··· Input data

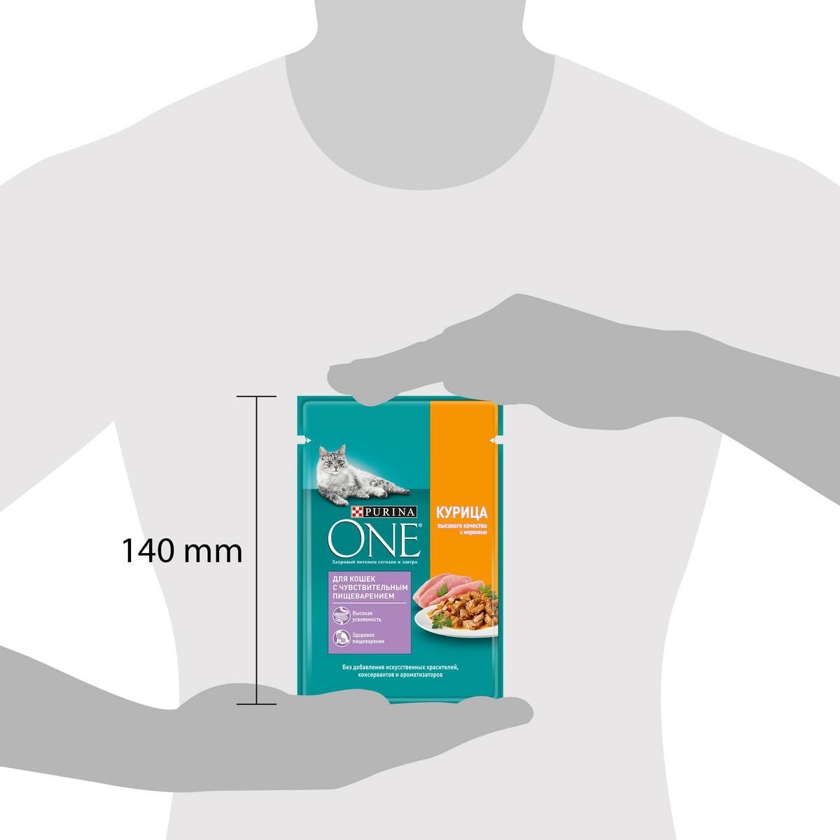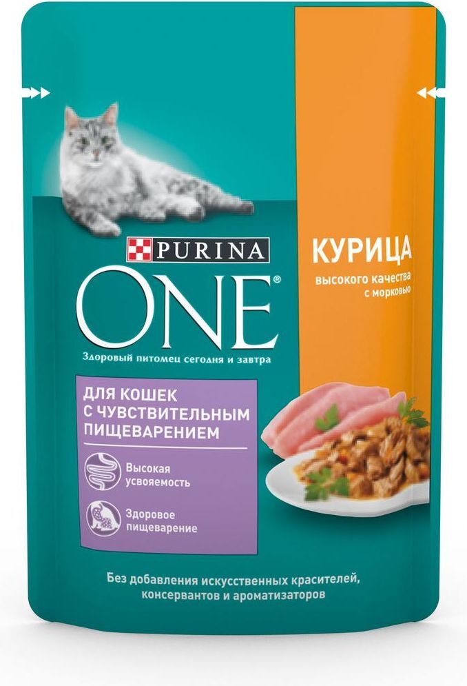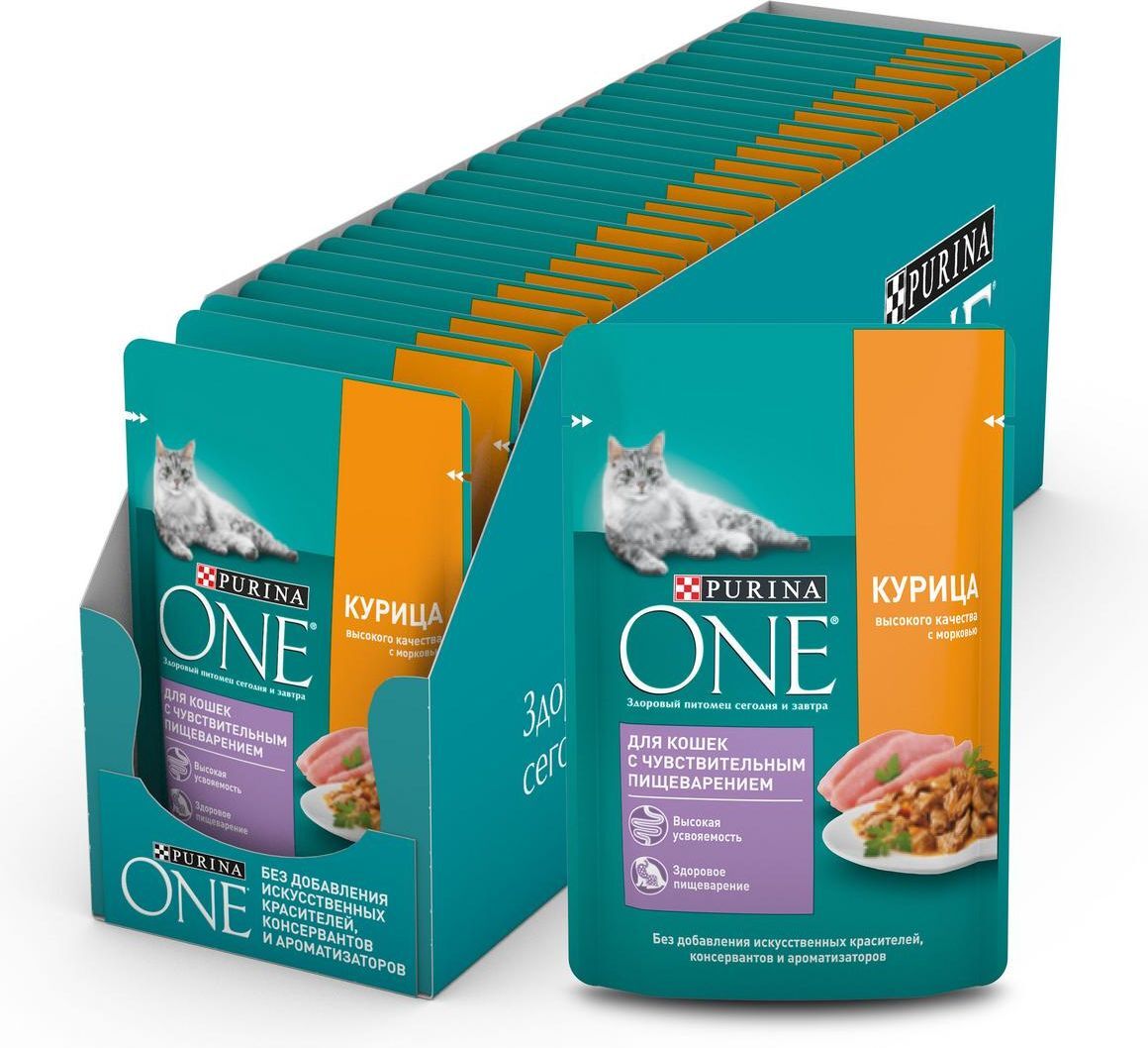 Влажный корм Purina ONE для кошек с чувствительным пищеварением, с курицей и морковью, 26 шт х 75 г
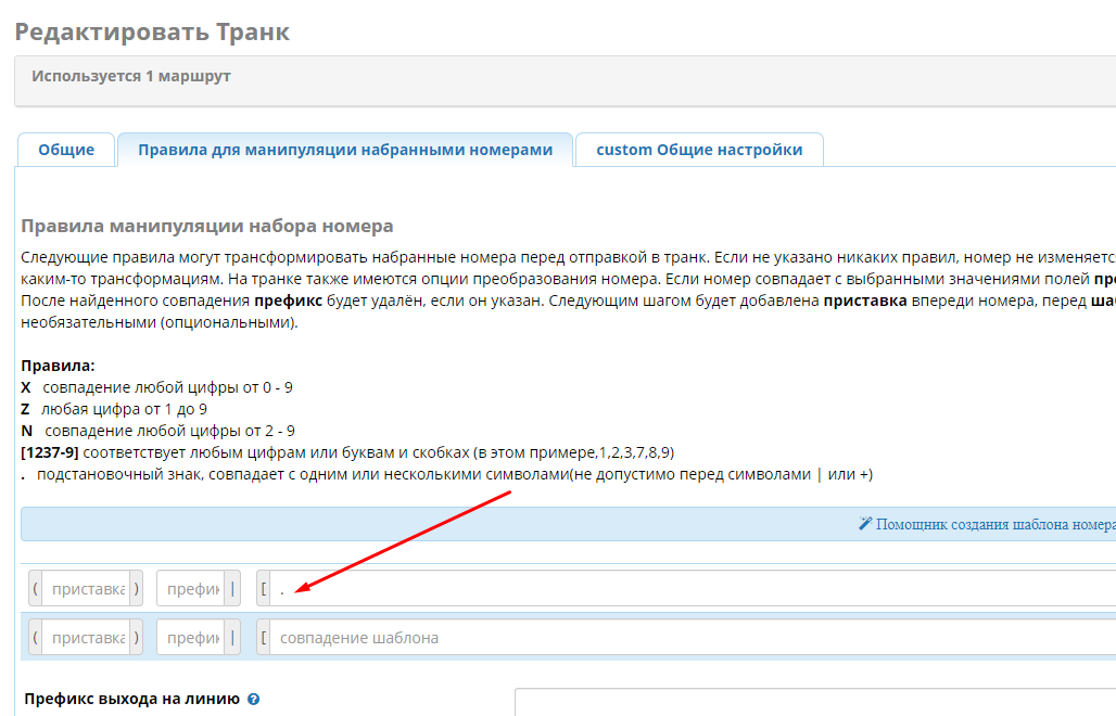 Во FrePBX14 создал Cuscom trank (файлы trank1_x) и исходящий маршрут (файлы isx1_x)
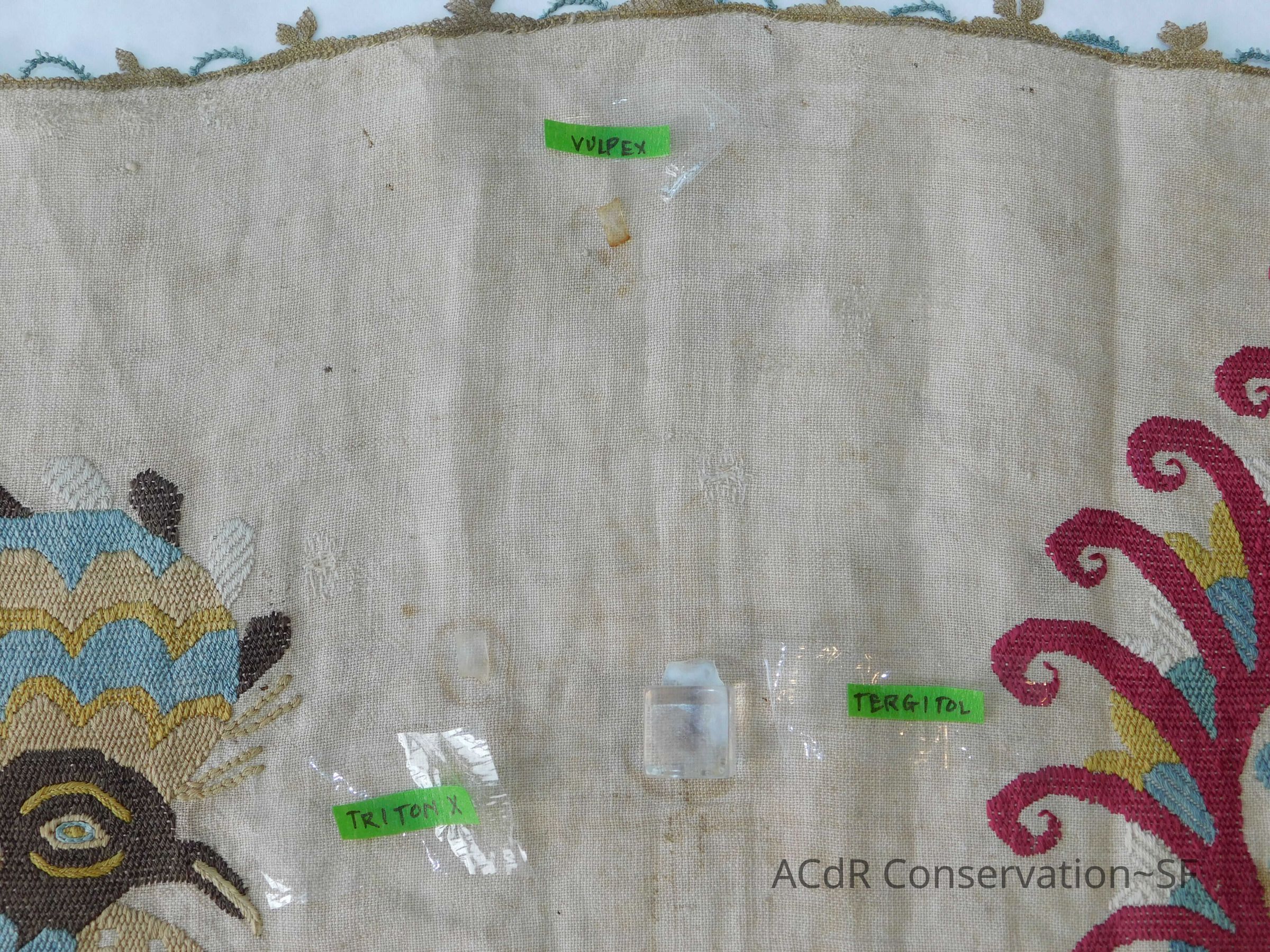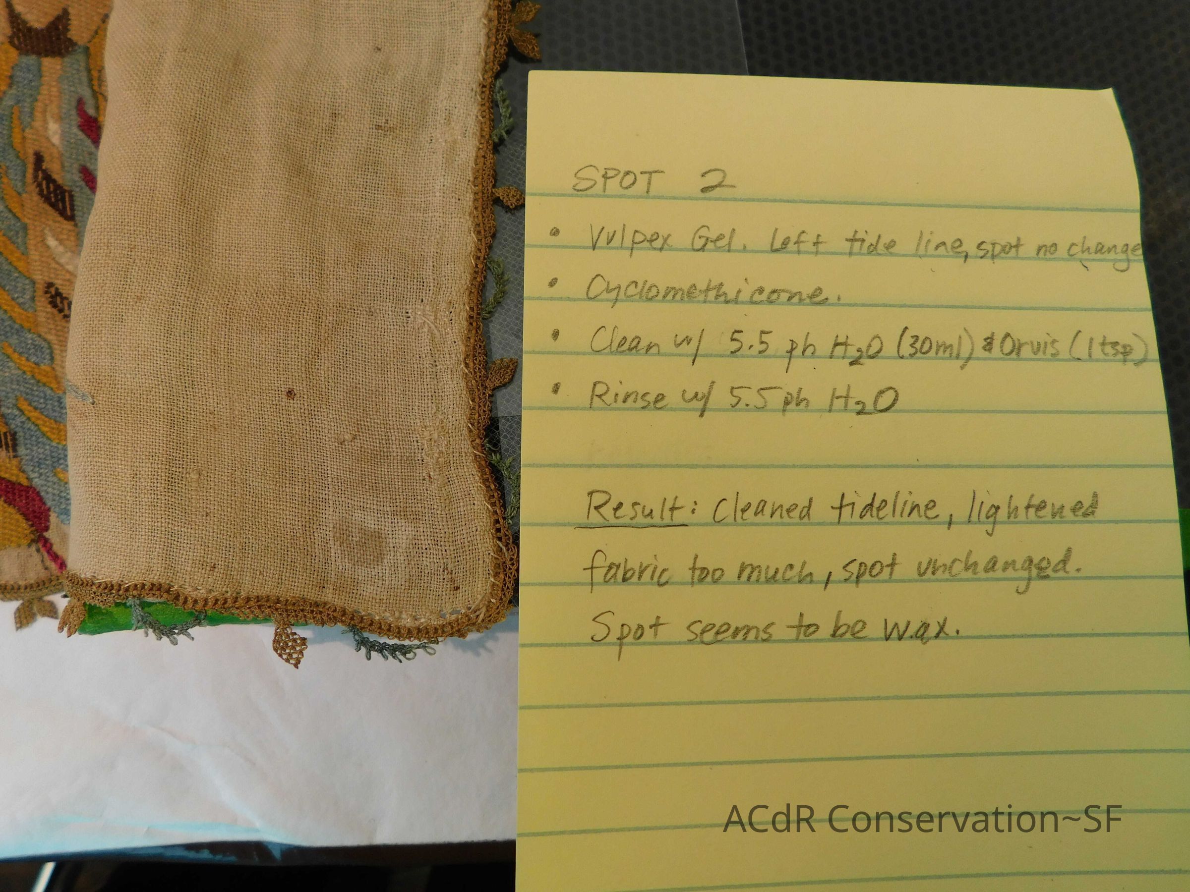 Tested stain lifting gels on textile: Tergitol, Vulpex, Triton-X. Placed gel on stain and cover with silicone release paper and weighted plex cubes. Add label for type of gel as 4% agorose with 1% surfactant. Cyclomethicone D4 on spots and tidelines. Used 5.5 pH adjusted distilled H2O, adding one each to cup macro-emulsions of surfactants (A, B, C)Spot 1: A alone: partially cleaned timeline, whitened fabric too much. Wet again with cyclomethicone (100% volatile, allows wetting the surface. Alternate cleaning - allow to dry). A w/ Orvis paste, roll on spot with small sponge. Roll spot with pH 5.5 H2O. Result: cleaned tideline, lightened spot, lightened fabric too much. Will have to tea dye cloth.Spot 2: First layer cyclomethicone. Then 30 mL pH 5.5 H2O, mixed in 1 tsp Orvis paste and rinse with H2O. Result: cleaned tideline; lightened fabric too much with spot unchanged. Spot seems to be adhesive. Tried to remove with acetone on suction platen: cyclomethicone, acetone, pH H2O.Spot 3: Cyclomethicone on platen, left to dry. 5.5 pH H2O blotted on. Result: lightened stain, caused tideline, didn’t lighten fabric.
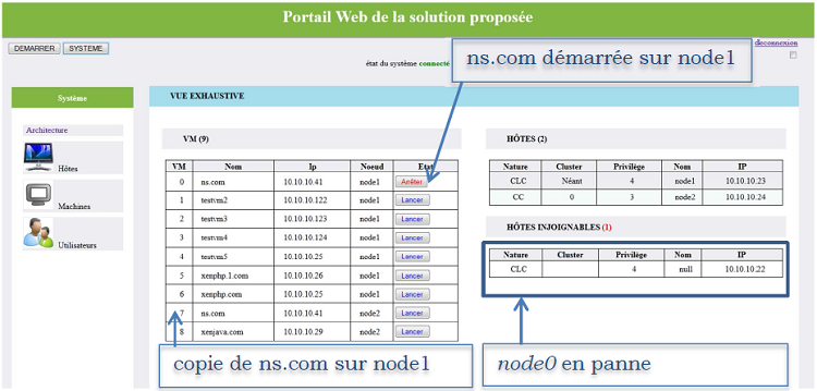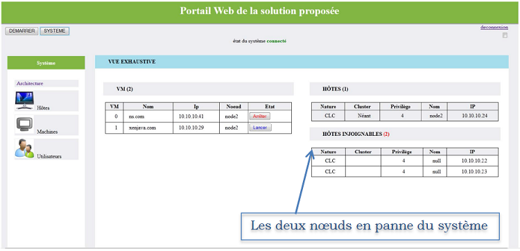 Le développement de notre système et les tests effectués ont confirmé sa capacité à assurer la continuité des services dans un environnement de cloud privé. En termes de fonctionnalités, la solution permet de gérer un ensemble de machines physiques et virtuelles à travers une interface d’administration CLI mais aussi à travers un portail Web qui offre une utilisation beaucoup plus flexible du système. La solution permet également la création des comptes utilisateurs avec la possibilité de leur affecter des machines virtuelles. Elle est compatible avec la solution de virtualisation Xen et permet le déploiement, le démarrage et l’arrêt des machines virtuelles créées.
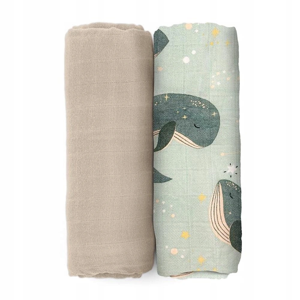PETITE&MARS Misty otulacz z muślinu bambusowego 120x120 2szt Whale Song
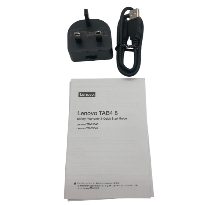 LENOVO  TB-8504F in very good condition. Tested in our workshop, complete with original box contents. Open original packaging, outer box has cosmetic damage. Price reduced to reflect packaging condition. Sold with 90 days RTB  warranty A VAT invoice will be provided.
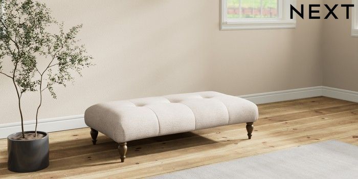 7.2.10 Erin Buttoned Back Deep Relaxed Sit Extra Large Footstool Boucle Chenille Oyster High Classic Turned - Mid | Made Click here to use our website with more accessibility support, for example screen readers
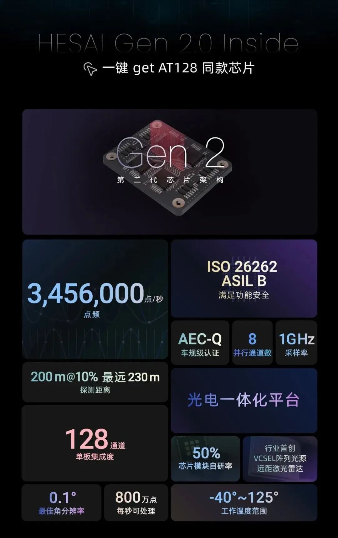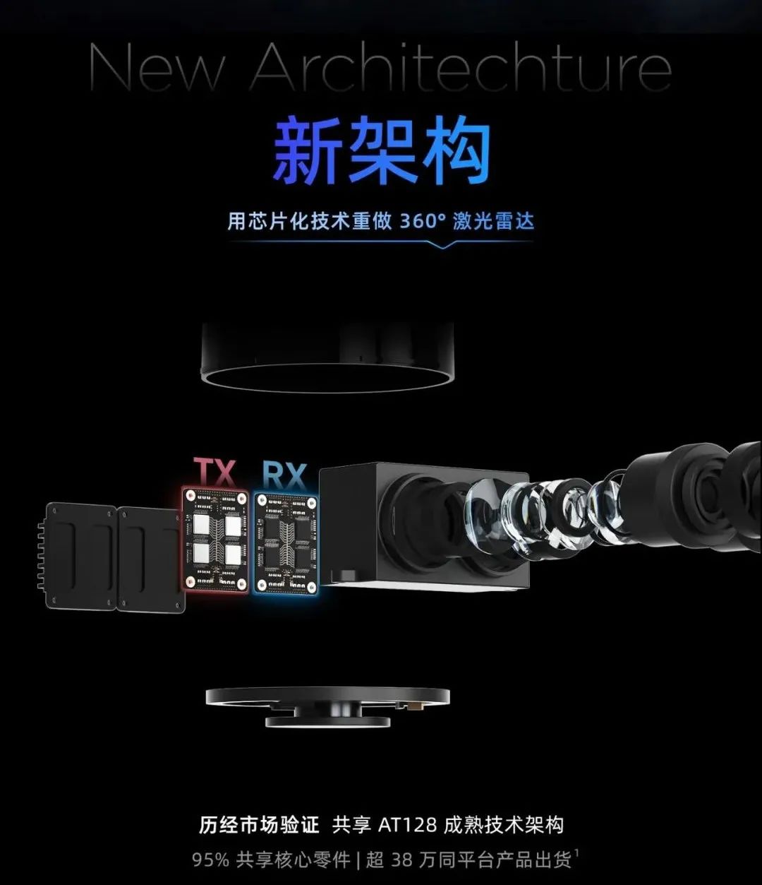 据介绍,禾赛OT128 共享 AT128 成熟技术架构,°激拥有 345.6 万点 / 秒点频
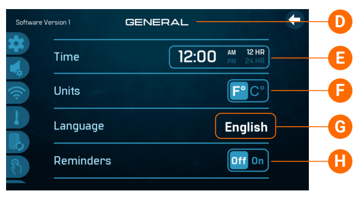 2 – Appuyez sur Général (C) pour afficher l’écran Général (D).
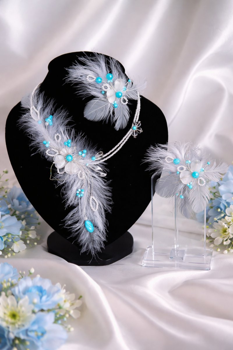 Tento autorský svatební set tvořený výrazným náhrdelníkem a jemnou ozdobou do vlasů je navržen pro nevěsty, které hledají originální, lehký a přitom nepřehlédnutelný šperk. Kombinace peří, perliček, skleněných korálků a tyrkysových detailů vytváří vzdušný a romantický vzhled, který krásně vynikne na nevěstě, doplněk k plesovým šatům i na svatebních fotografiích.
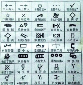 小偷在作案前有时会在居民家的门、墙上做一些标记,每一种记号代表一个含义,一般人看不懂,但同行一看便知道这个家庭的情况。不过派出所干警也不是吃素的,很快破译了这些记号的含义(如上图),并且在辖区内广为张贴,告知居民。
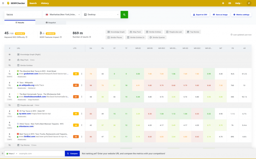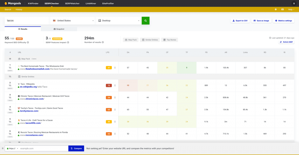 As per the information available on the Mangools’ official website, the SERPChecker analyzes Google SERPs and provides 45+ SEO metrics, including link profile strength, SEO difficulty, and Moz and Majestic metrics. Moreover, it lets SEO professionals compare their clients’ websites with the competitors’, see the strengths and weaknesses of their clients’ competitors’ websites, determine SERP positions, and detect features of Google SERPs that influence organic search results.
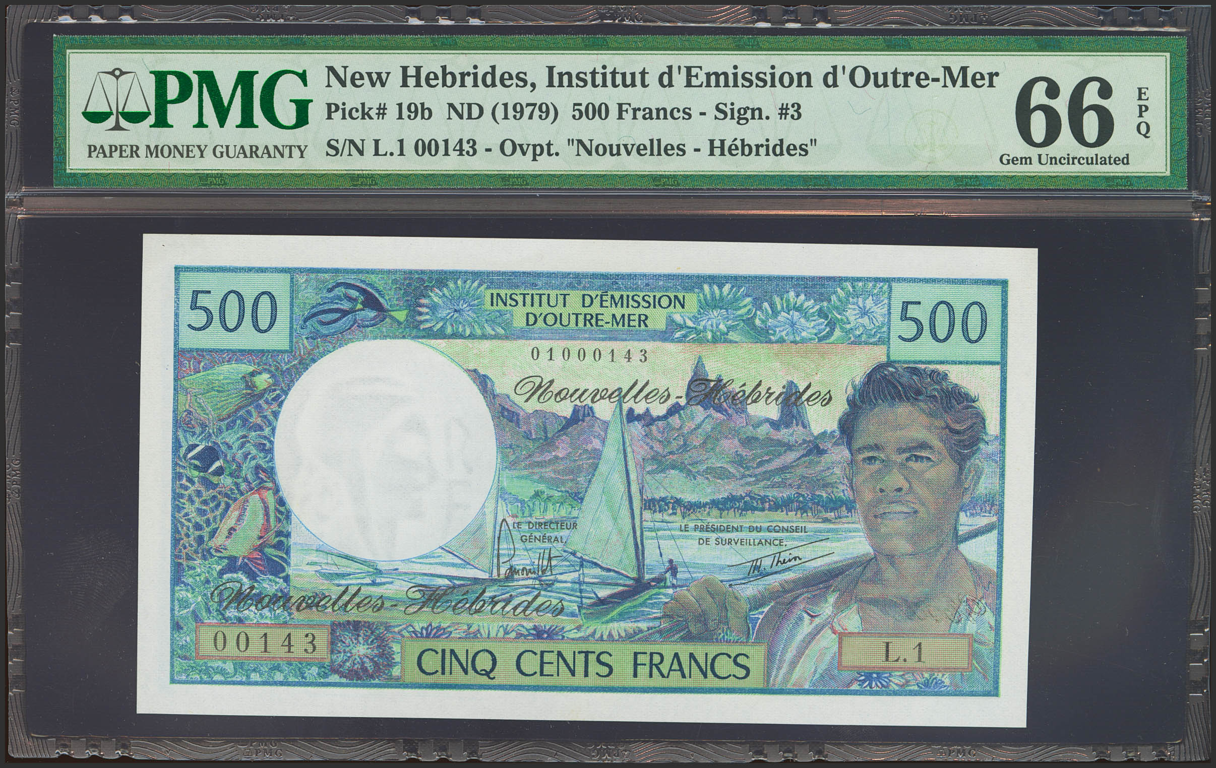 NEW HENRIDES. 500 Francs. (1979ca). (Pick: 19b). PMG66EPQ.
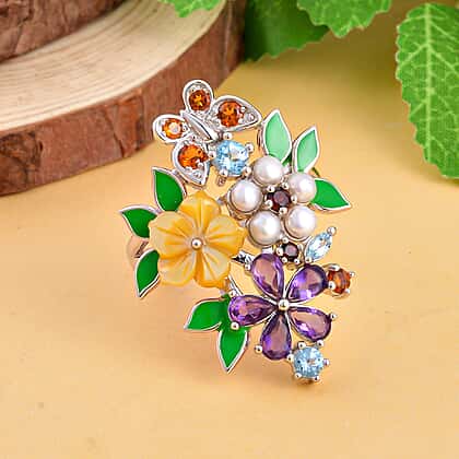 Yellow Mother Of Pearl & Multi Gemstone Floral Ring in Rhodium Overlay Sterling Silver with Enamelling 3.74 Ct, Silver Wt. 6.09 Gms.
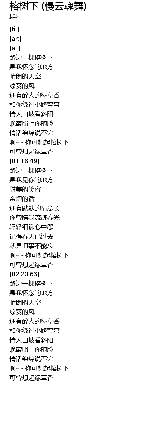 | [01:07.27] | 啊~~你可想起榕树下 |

······

**What is needed**
Although the records hold pictures, the copy must not; give again exactly the lines from the one with "据介绍,禾赛OT128 共享 AT128" through the one with "2 – Appuyez".

**Reply**
 据介绍,禾赛OT128 共享 AT128 成熟技术架构,°激拥有 345.6 万点 / 秒点频
 2 – Appuyez sur Général (C) pour afficher l’écran Général (D).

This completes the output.